**AIM OF THE TASK**
Among the entries below, find the line with "Chanel Low Top CC Trainer White Silver" and the line with "Estwing's 40 oz.". Return exactly those lines and every line between them, but no pictures.

**GIVEN RECORDS**

--------------------

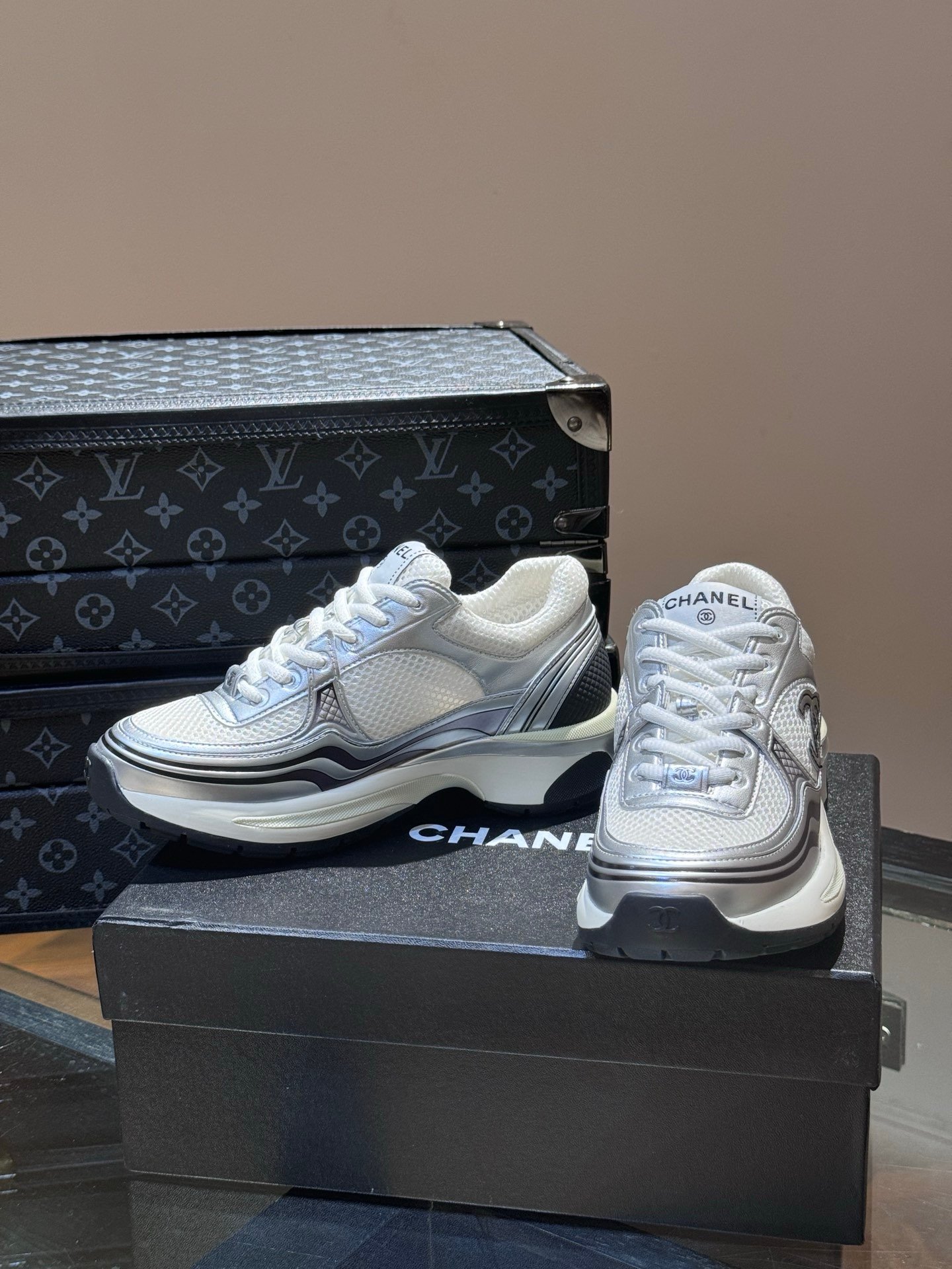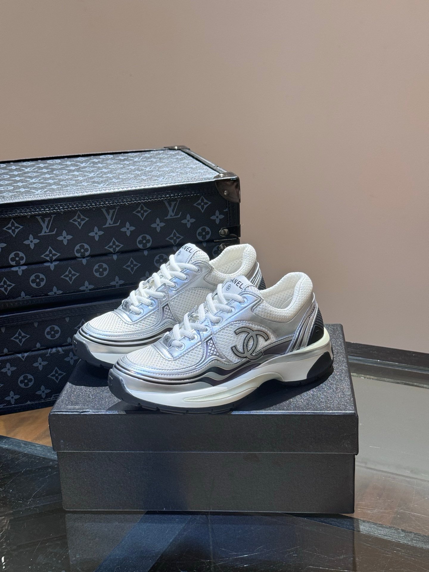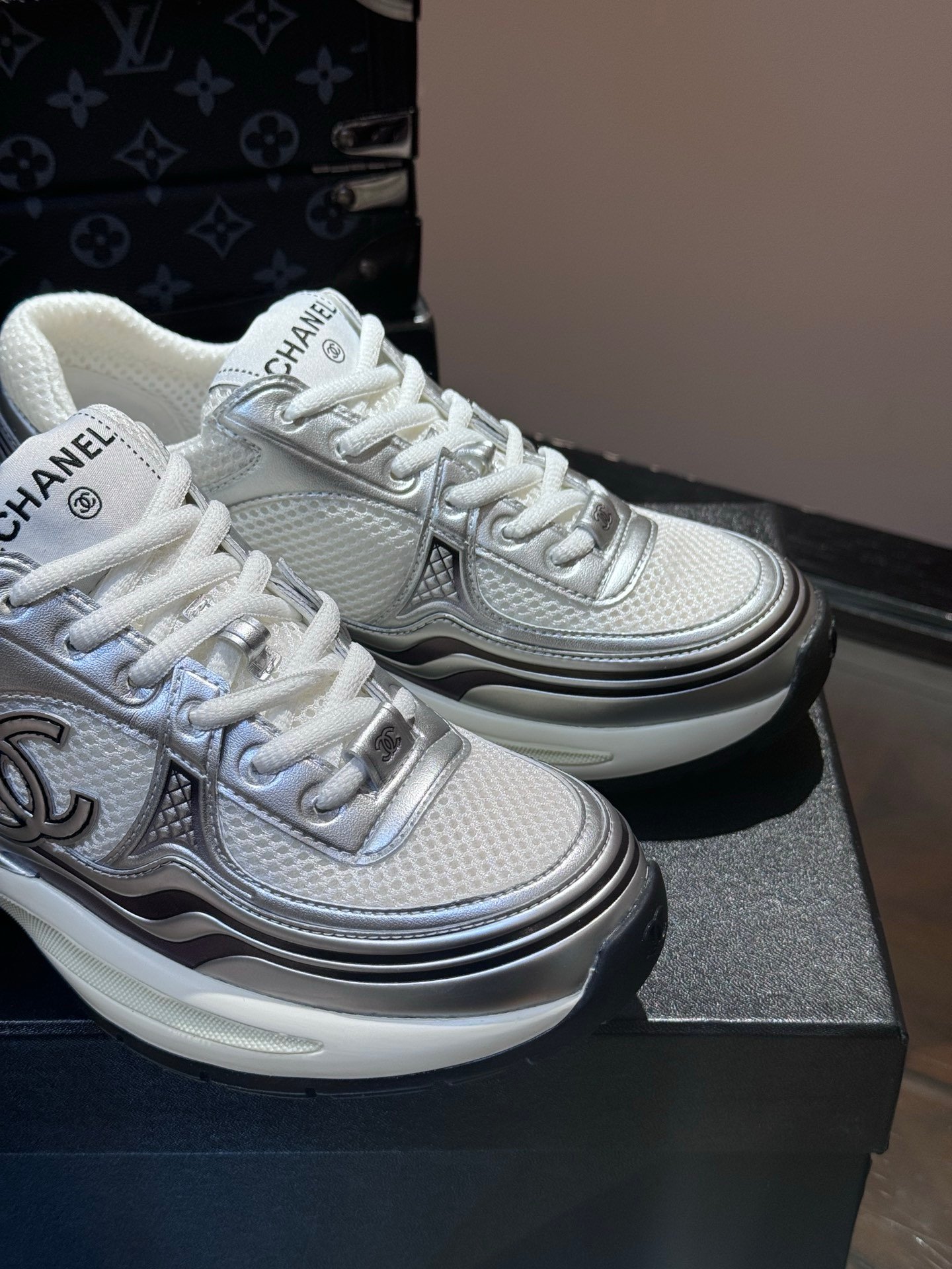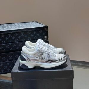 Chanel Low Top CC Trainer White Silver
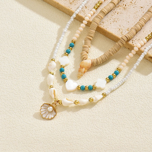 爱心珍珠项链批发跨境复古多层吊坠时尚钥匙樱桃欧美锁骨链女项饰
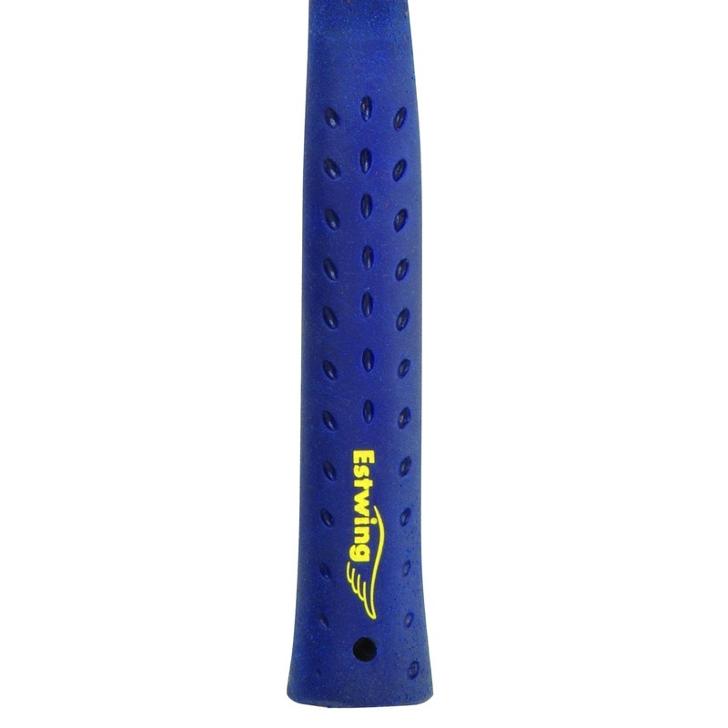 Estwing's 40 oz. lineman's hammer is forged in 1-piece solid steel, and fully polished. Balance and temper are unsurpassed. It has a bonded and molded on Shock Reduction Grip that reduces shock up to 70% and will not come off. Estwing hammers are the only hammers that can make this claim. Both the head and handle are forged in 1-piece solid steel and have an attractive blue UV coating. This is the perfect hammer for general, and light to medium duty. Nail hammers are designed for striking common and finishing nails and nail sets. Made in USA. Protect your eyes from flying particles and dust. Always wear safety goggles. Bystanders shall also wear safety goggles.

--------------------

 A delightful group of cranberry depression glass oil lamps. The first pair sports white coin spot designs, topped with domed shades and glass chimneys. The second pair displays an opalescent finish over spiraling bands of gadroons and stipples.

--------------------

**SOLUTION TO THE PROBLEM**
 Chanel Low Top CC Trainer White Silver
 爱心珍珠项链批发跨境复古多层吊坠时尚钥匙樱桃欧美锁骨链女项饰
 Estwing's 40 oz. lineman's hammer is forged in 1-piece solid steel, and fully polished. Balance and temper are unsurpassed. It has a bonded and molded on Shock Reduction Grip that reduces shock up to 70% and will not come off. Estwing hammers are the only hammers that can make this claim. Both the head and handle are forged in 1-piece solid steel and have an attractive blue UV coating. This is the perfect hammer for general, and light to medium duty. Nail hammers are designed for striking common and finishing nails and nail sets. Made in USA. Protect your eyes from flying particles and dust. Always wear safety goggles. Bystanders shall also wear safety goggles.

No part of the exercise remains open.